Exercise aim:
Pictures stay out of this copy; please retype only the lines from the start of the records through the line with "Estuche de Cuero".
*** Opening Extracted records ***
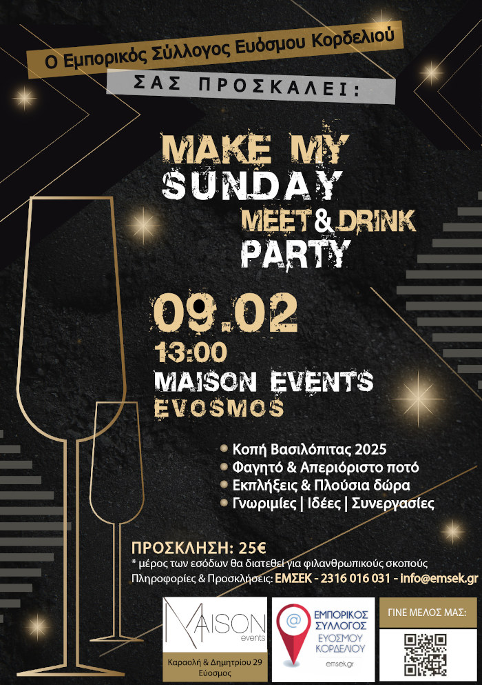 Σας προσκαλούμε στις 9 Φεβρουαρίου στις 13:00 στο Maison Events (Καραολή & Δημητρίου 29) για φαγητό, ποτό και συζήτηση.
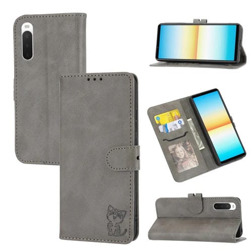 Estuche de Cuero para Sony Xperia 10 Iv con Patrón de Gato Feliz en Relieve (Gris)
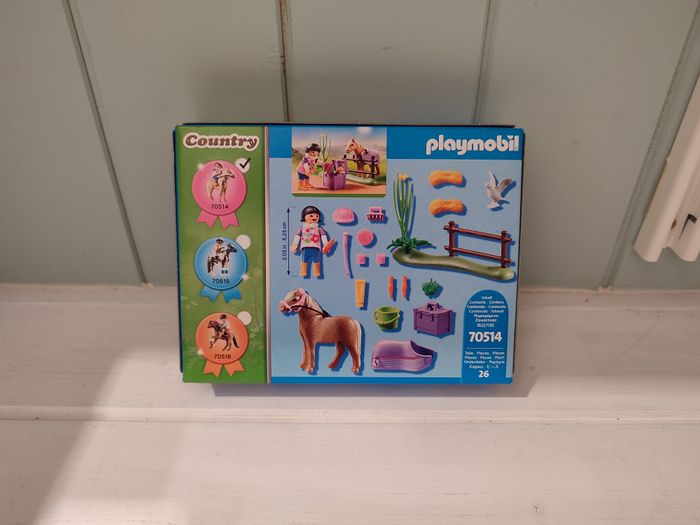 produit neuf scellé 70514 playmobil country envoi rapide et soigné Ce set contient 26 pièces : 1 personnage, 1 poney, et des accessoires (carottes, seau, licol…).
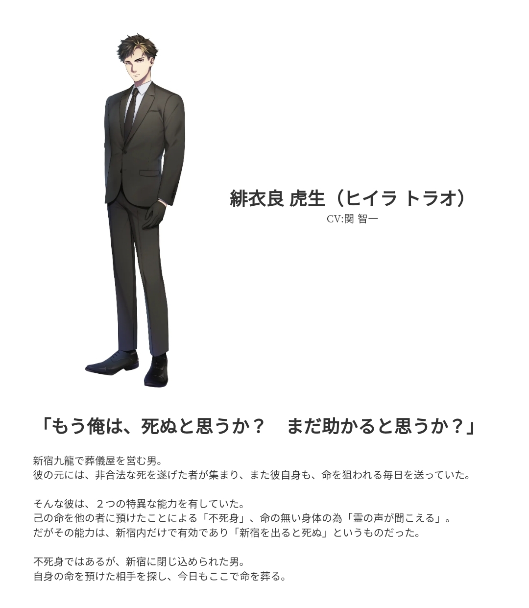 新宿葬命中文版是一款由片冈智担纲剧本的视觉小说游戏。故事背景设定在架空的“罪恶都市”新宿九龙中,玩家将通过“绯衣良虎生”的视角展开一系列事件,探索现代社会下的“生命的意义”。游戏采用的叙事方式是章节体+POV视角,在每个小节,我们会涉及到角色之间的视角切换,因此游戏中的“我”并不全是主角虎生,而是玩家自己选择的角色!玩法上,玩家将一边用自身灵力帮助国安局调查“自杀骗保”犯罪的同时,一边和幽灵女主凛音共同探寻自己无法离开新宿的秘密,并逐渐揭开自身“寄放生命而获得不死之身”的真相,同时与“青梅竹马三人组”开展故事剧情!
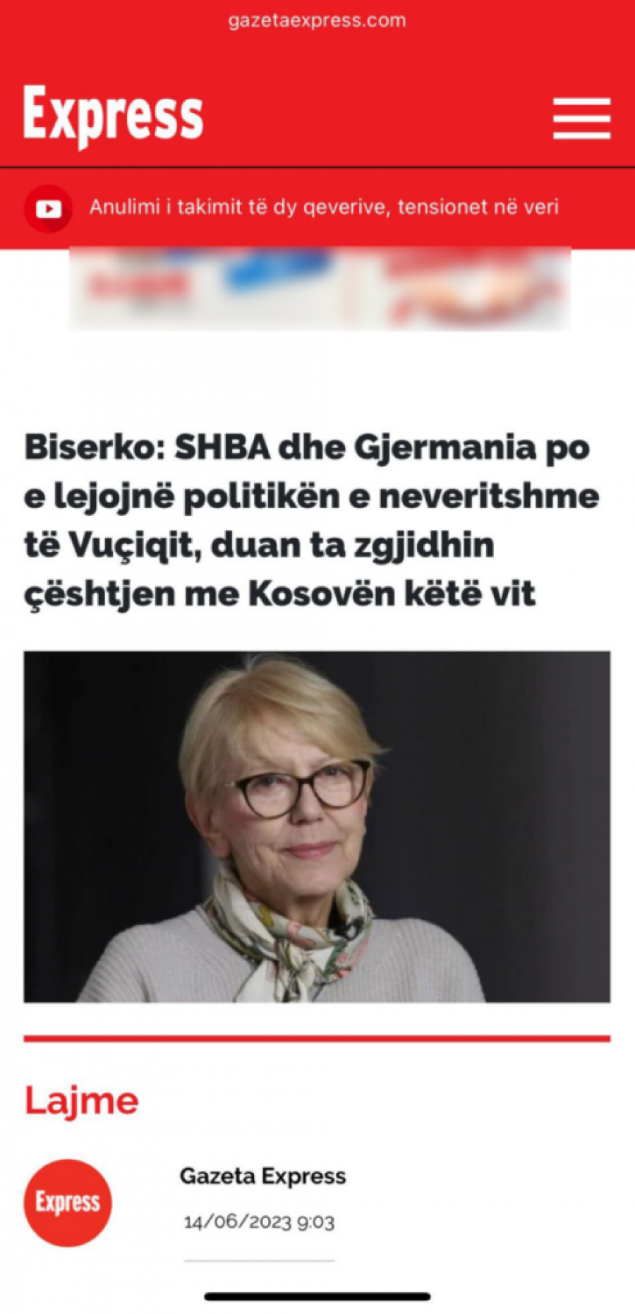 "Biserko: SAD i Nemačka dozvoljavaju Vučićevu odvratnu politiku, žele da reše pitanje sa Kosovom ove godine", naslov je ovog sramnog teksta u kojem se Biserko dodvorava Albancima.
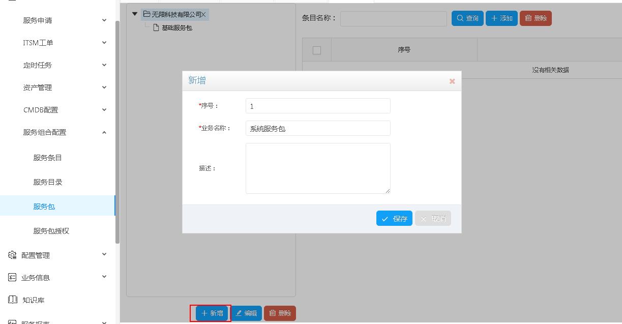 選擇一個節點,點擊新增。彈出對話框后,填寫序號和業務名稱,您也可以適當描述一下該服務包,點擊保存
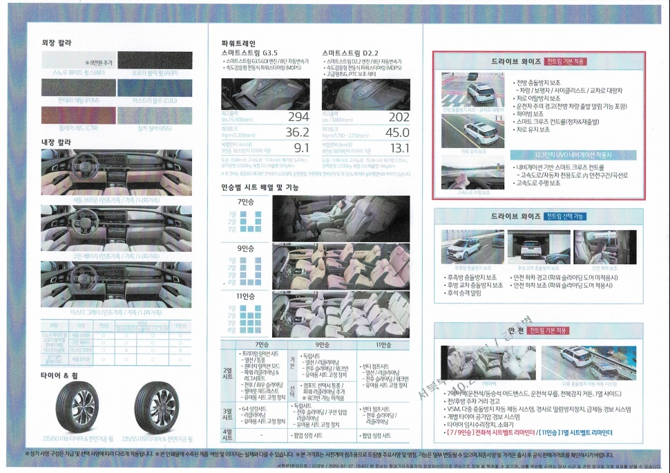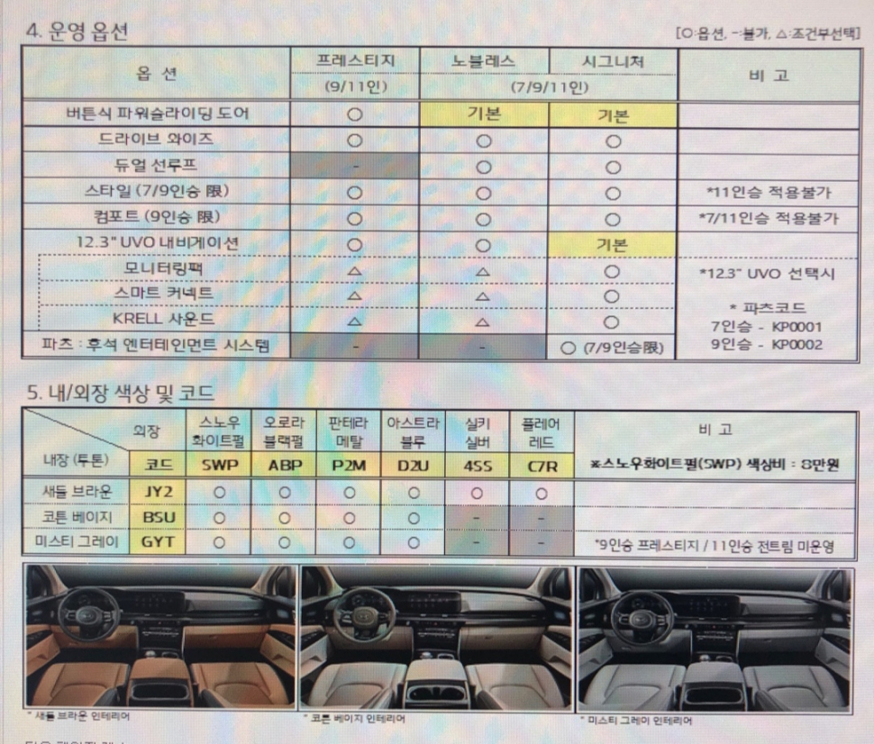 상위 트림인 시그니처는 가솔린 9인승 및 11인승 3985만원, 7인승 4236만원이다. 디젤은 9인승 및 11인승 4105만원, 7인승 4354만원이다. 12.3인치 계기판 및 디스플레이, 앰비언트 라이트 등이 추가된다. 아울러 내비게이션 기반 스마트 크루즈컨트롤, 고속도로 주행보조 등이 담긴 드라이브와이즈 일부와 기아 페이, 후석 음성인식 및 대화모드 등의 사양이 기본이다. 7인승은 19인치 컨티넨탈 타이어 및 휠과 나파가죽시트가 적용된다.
*** Closing Extracted records ***
Exercise response:
 Σας προσκαλούμε στις 9 Φεβρουαρίου στις 13:00 στο Maison Events (Καραολή & Δημητρίου 29) για φαγητό, ποτό και συζήτηση.
 Estuche de Cuero para Sony Xperia 10 Iv con Patrón de Gato Feliz en Relieve (Gris)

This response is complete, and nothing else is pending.